Загадочно, подумал я.
А дальше стало еще интереснее. Пацаны пересекли весь затон и причалили к небольшому пассажирскому теплоходу со странным лирическим названием «Ива». Он грузно осел в воде по самую палубу.
Пацаны привязали к нему ялик и поднялись на борт вместе со своим шестом. И исчезли внутри теплохода.
– Интересно…
– Загадочно…
Их не было очень долго. Мне даже надоело ждать. Хоть и загадочно и интересно.
– Дим, – возбужденно шепнул мне Алешка, – нужно в этом разобраться!
– А как?
– Подслушать, когда они вернутся на «Амелию».
Тут и я сообразил.
Мы быстренько спустились в свою лодку и кружным путем, между старыми кораблями, добрались до баржи. Взобрались на нее и залегли возле самого борта в засаду.

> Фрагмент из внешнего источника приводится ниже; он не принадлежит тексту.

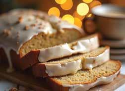 Warm banana bread fresh from the oven, enriched with a hint of cinnamon, is draped in a luscious, creamy vanilla icing for an irresistibly cozy and sweet indulgence.
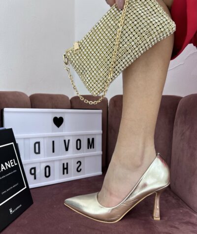 Tacco a stiletto, 5cm. In cavallino con dettagli in oro. Cinturino dietro il tallone regolabile
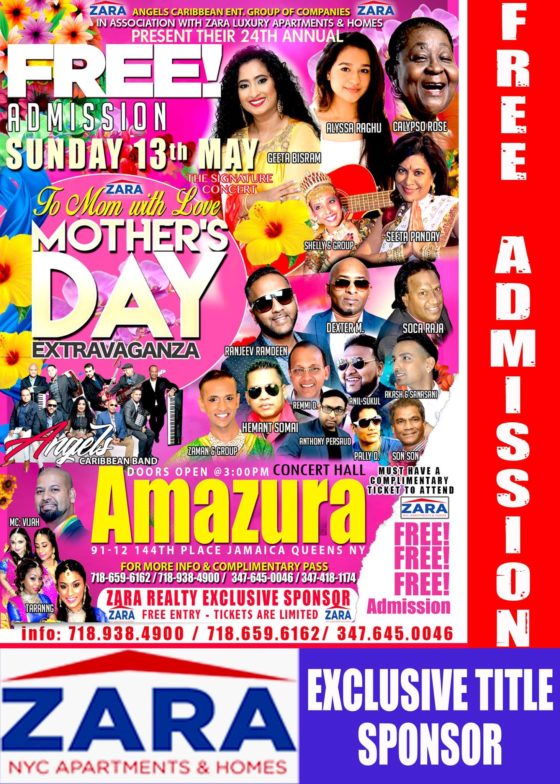 Mother’s Day Extravaganza 2018 Date:2018-05-13 Time:3PM Location:91-12 144th Place Jamaica Queens NY Venue:Amazura Concert Hall FREE EVENT
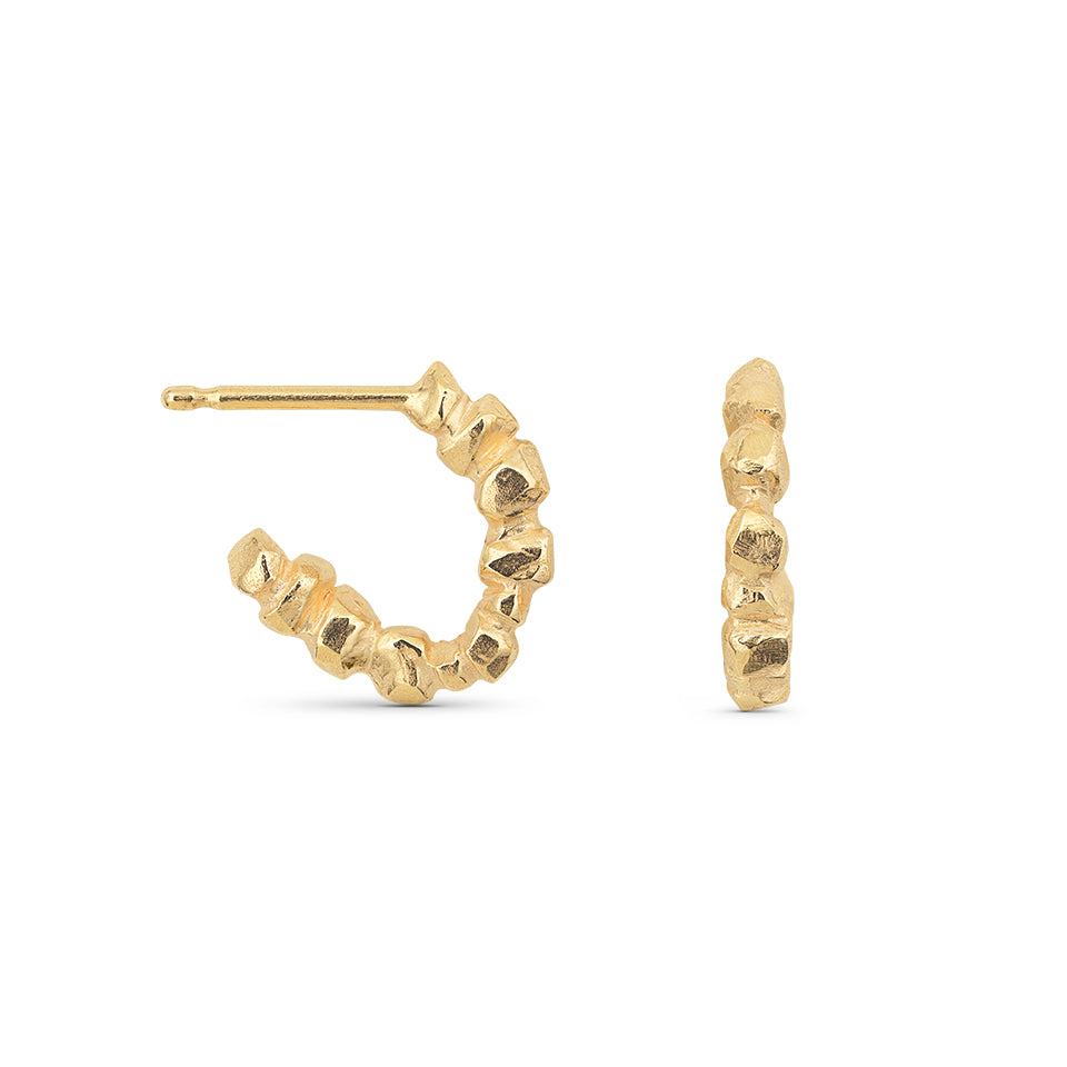 This huggie in 18 karat recycled gold is a small, versatile hoop earring that sits snugly around your earlobe. Layer it with a larger Gold Nugget Hoop or a Gold Nugget Stud Earring for that perfect curated look.
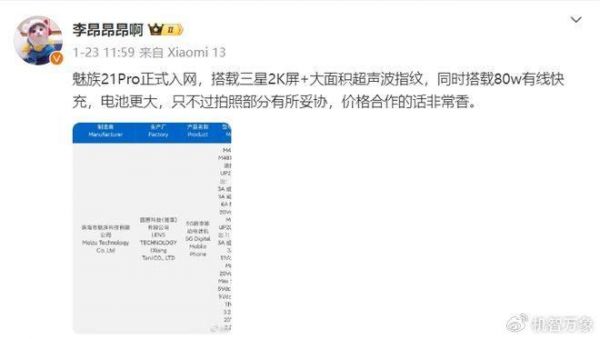 还有,数码博主 @李昂昂昂啊 也曾在爆料中提到,“魅族21Pro正式入网,搭载三星2K屏+大面积超声波指纹,同时搭载80w有线快充,电池更大,只不过拍照部分有所妥协,价格合作的话非常香。”也就是说,魅族21 Pro还将支持80W有线快充,配备更大容量的电池,影像配置方面“有所妥协”。
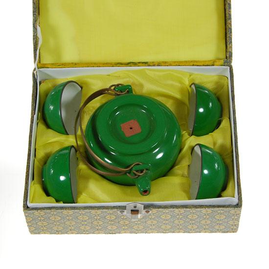 Excellent well made pieces; pot plus 4 cups with storage box; pot 5"; cups 2.5"
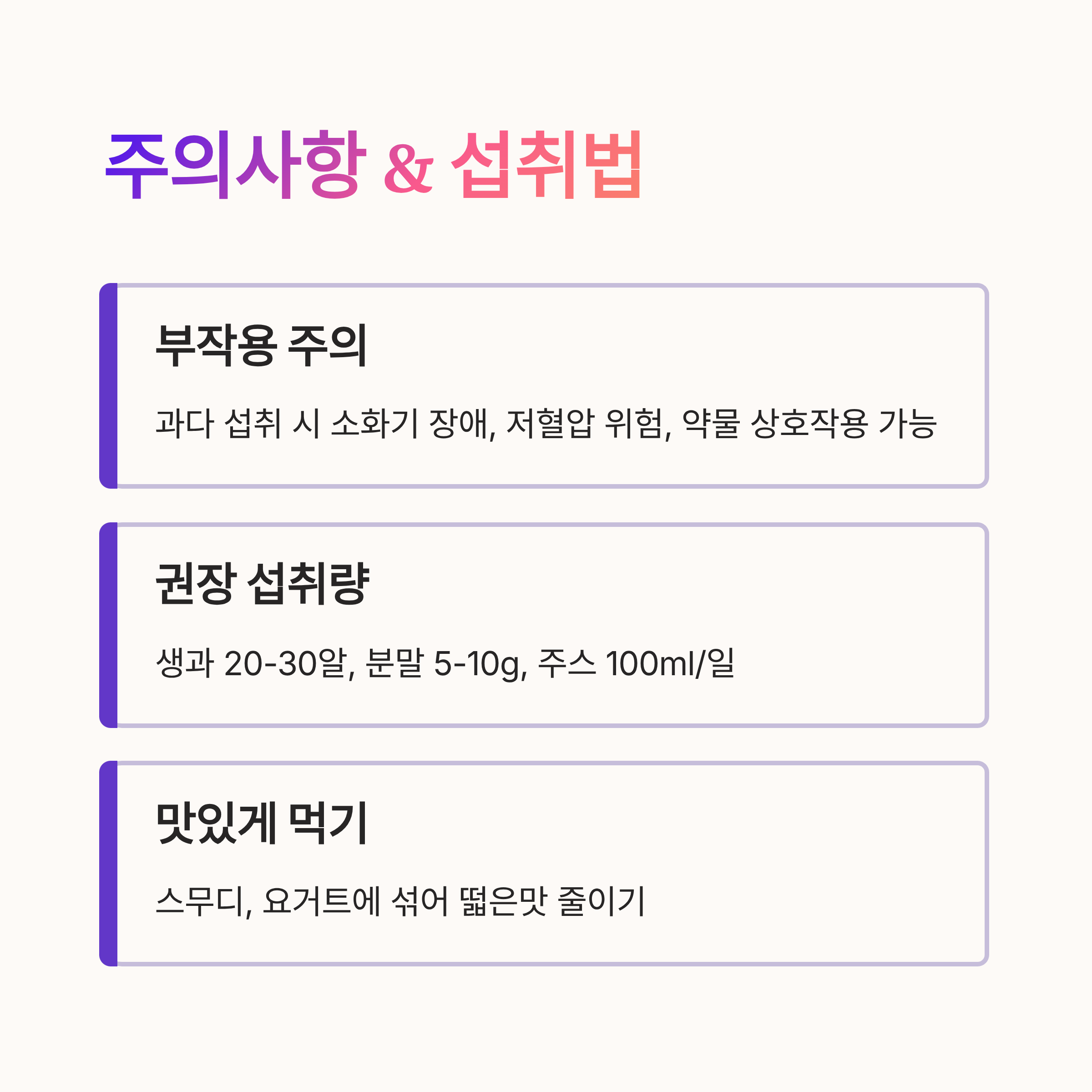 드물게 피부 발진이나 가려움증 같은 알레르기 반응이 나타날 수 있어요. 처음 섭취 시 소량으로 시작해 몸의 반응을 확인하세요.
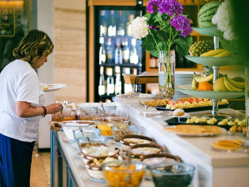 Jedlo a nápoje: Hostia si môžu vybrať z rôznych možností stravovania vrátane kaviarne a baru. Nefajčiarska reštaurácia s klimatizáciou a samostatnou fajčiarskou časťou ponúka rôzne možnosti stravovania. K dispozícii je polpenzia a plná penzia. Denne sa podávajú výživné raňajky. Na požiadanie sú k dispozícii vegetariánske, detské, bio a vegánske jedlá.
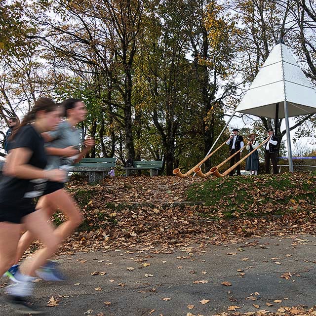 2022-10-30_GurtenClassic auch zahlreiche Läufer werden vom Alphorntrio Silberhorn für den Schlussspurt angefeuert.
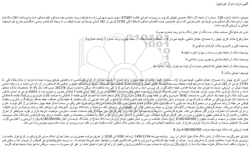 بموجب دادنامه شماره 526 صادره از شعبه 17 دادگاه عمومی حقوقی کرج و در پرونده اجرایی کلاسه 971697 دعوی مریم سهرابی زاده به طرفیت رضا حامدی مقدم محکوم علیه محکوم است به پرداخت 243 سکه تمام بهار آزادی بابت کل محکوم به و هزینه نیم عشراجرایی که دراین خصوص حسب تقاضای محکوم له پلاک ثبتی 23793 فرعی از 162 اصلی توسط این اجراء توقیف و به وسیله کارشناس رسمی دادگستری بشرح ذیل توصیف اجمالی و ارزیابی گردیده است.
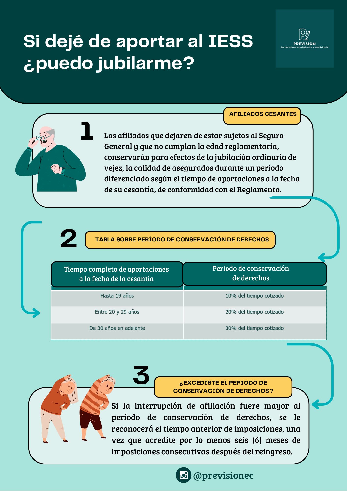 En esta infografía podrás conocer acerca del período de conservación de derechos a la fecha de la cesantía y ¿qué hacer para solicitar la jubilación si se ha excedido dicho período?: 👇
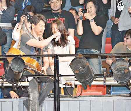 中新網3月26日電 “陶喆123我們都是木頭人”演唱會前晚(24日)尾場演出,陶喆男女通殺,除有男觀眾送花,亦有女觀眾借合唱機會表愛意,陶喆笑說第一次收到男士送花,但卻不接受男士示愛,并趁演唱會尾場機會宣布將做回本行執(zhí)導電影。
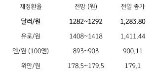 오늘의 달러/원 환율 1,282~1,292원 전망
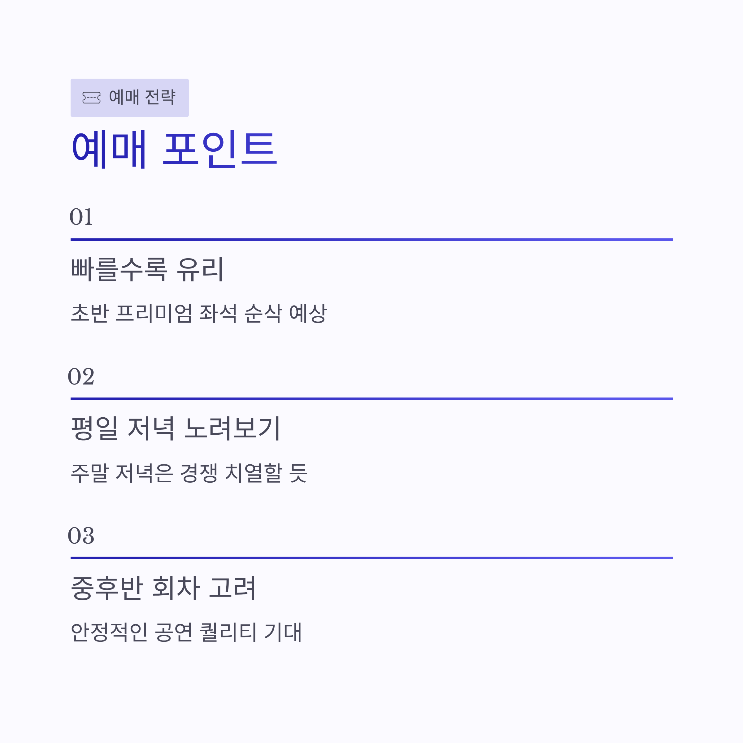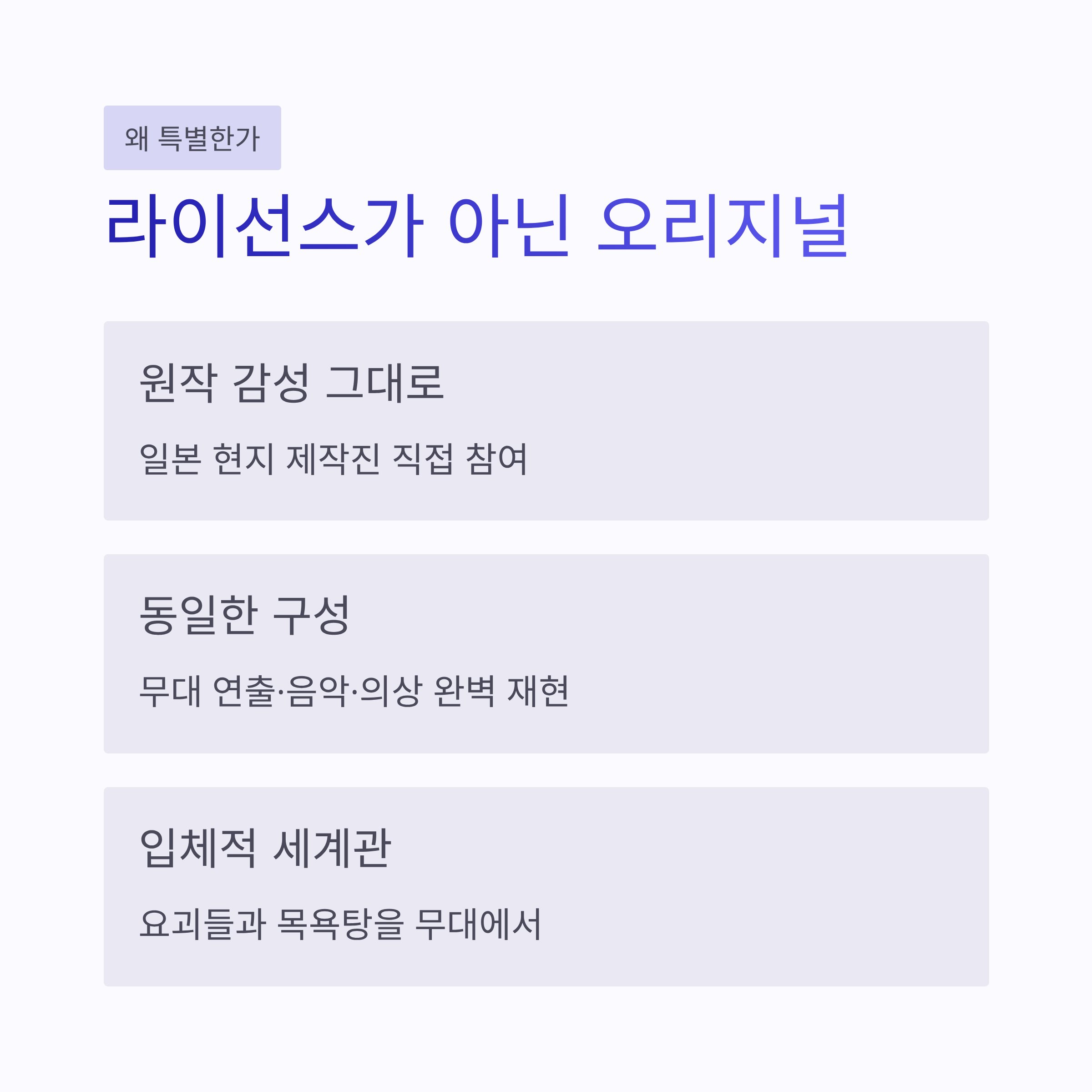 | 관람 포인트 | 일본 현지 연출·무대 그대로 |
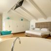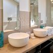 Local stone, light woods, and handmade ceramics create a refined yet welcoming atmosphere.
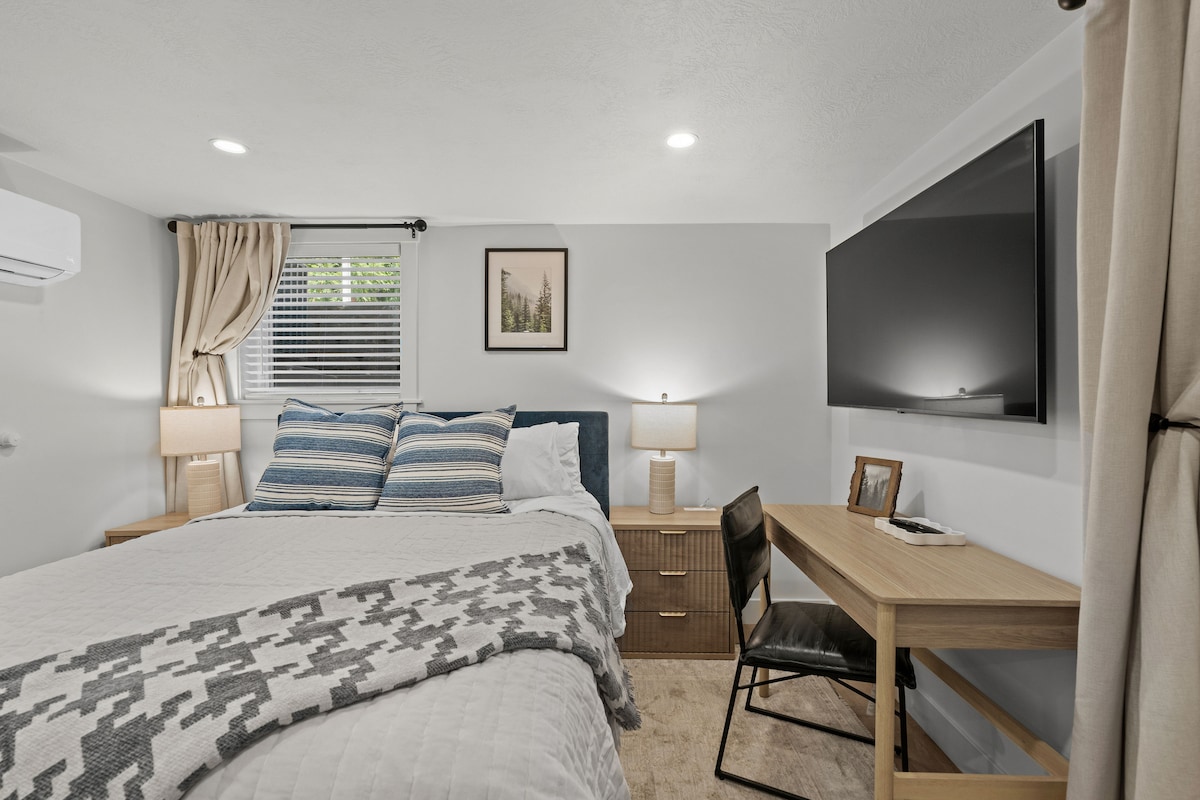 🏔️ 25 min to Alta/Snowbird 🛌 2 Queen Beds + Daybed, Sleeps 5 🚶♂️ Walk to restaurants & shops You’ll be less than a 30 minute drive to four world-renowned ski resorts (Alta, Brighton, Solitude, Snowbird) and walking distance to food trucks, restaurants, boutiques, a spa, Walgreens, and an upscale local grocery store. You’ll have your own washer and dryer, two televisions, a large couch, and a full kitchen. There is also a shared backyard with a large lawn, shade, and a view of Mt. Olympus.
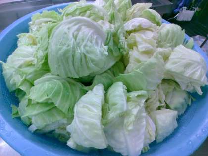 今日は、練馬区の小中学校で、練馬でとれた「ねり丸キャベツ」を使った地産地消給食です。練馬は、練馬大根が有名ですが、大根よりも多く収穫されるのが、キャベツです。キャベツ畑もたくさん見かけます。今日は、「ねり丸キャベツ」を70kg使って、ホイコーローとサラダを作りました。新鮮でおいしい「ねり丸キャベツ」を味わいました。
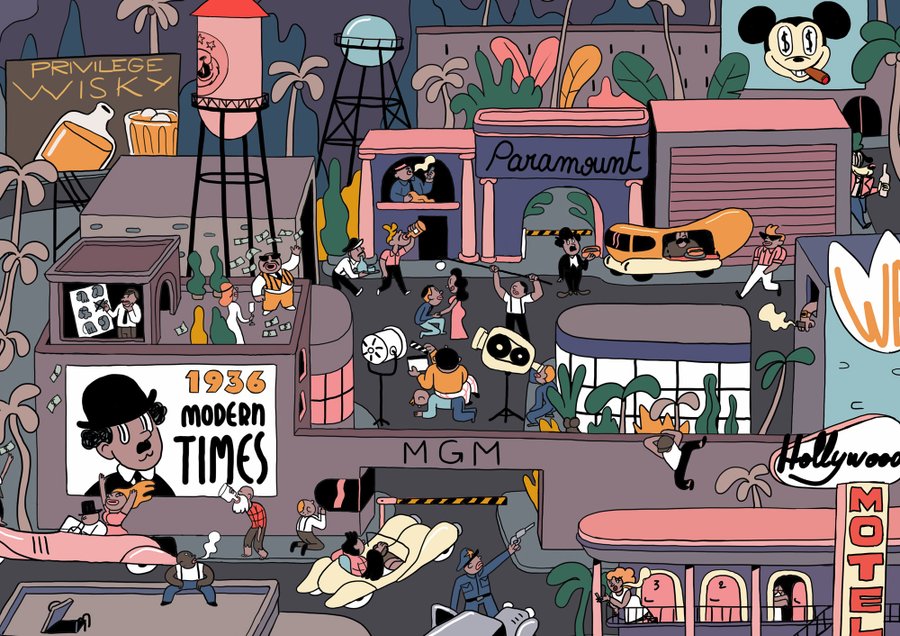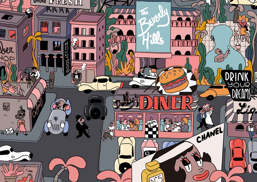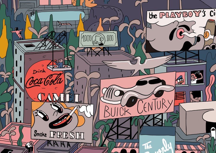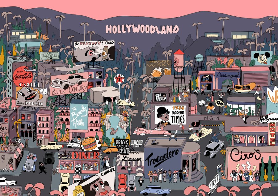 Illustration based on a text from Carlos Rim, presented during the festival Nîmes S'illustre in 2019. A ferocious depiction of the city of Los Angeles back in June 1936 when Hollywood was still Hollywoodland.

Терпение. Терпение. Терпение.
И вот оно уже почти лопнуло, когда мы услышали плеск весел. Выглянули чуть над бортом – ялик возвращался.
Толстяк вышел на палубу и нетерпеливо крикнул:
– Ну что?
– Пусто! – донесся ответ Полундры. – Весь кормовой салон обшарили.
Ялик стукнулся в борт «Амелии».
Толстяк со вздохом достал из кармана бумажник, отсчитал деньги и передал их Полундре.
– Маловато будет, – сказал тот недовольно.
– Потерпи, Витек, – усмехнулся толстяк. – Найдем – рассчитаюсь по полной программе. Мало не покажется. Завтра жду – как обычно. Да поосторожнее, тут какие-то подозрительные пацаны вертелись.
– Небось эти… – предположил Клоп. – Ненормальные, которые у писателя живут, людоеды.
А «подозрительные людоеды» в это время уже спустились в лодку и беззвучно отогнали ее в укромное место – под нависший над водой кормовой свес какого-то странного судна. Потом мы узнали, что это старинный водолазный бот.
Полундра и его рыжий сообщник обратным путем перебрались на берег.
Алешка толкнул меня локтем в бок и горячо шепнул:
– Я все понял, Дим! Они заложника ищут!
Я только хмыкнул в ответ.
– А что? – обиделся Алешка за свою версию. – Он у них сбежал и где-то здесь прячется. На затонувших кораблях. А они его ищут.
– С шестом?
– Конечно! Там же, в трюмах и каютах, полно воды. Вот они и шарят.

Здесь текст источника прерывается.